Com isso chegamos ao tópico que dá título a esta seção: Atitude. Para realizarmos os propósitos mencionados acima, há evidente necessidade de pessoas imbuídas daquele tipo de consciência referida no início, pela qual compreenderão o caráter missiológico de que se reveste a atividade de se criar e gerir a ABC2 e a urgência de assumirem o protagonismo indispensável para dar corpo a esta organização.

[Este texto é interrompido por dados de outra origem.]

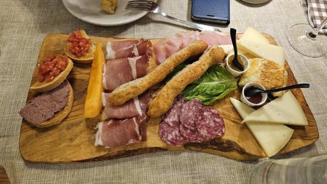 Presentato su un bellissimo tagliere di ulivo, lo chef Vi propone un antipasto assortito con salumi, formaggi, frittini, strudel di sfoglia, bruschette, mostarde e miele accompagnato da i nostri grissini fritti

Note-se que esta atitude requer, por um lado, consciência histórica do papel a ser desempenhado. Penso que isto se possa depreender do panorama histórico delineado acima. Mas, requer também algo que poderíamos chamar de paciência histórica. É necessário compreender que, muitas vezes, estaremos lidando com questões delicadas, extremamente complexas, para as quais não há respostas consensuais na atualidade. Portanto, haverá que se dar tempo para que o avanço nas pesquisas bíblico-teológica e científica possam revelar possibilidades até aqui desconhecidas.

Assim, em caso de questões polêmicas, penso deva prevalecer a posição já manifesta pela equipe que tem conduzido o projeto Cristãos na Ciência:

Não será papel da ABC2 arbitrar sobre pontos controversos na interação entre fé cristã e ciência, mas sim oferecer-se como fórum aberto para debates de alto nível, de forma que eventuais discordâncias entre seus associados possam resultar em diálogo produtivo e aprofundamento dos temas em questão.

Creio que a postura implícita nesta posição se coaduna com a recomendação bíblica de argumentarmos com mansidão, respeito e boa consciência (1 Pe 3.16). É esta a atitude esperada de todos nós. Assim seja!

 

Referências

[1] Joshua M. Moritz, Science and Religion (Anselm Academic, 2016).

[2] www.monergismo.com/textos/biografias/pascal_ciencia.pdf

[3] Nancy R. Pearcey e Charles B. Thaxton, The Soul of Science (Crossway Books, 1994).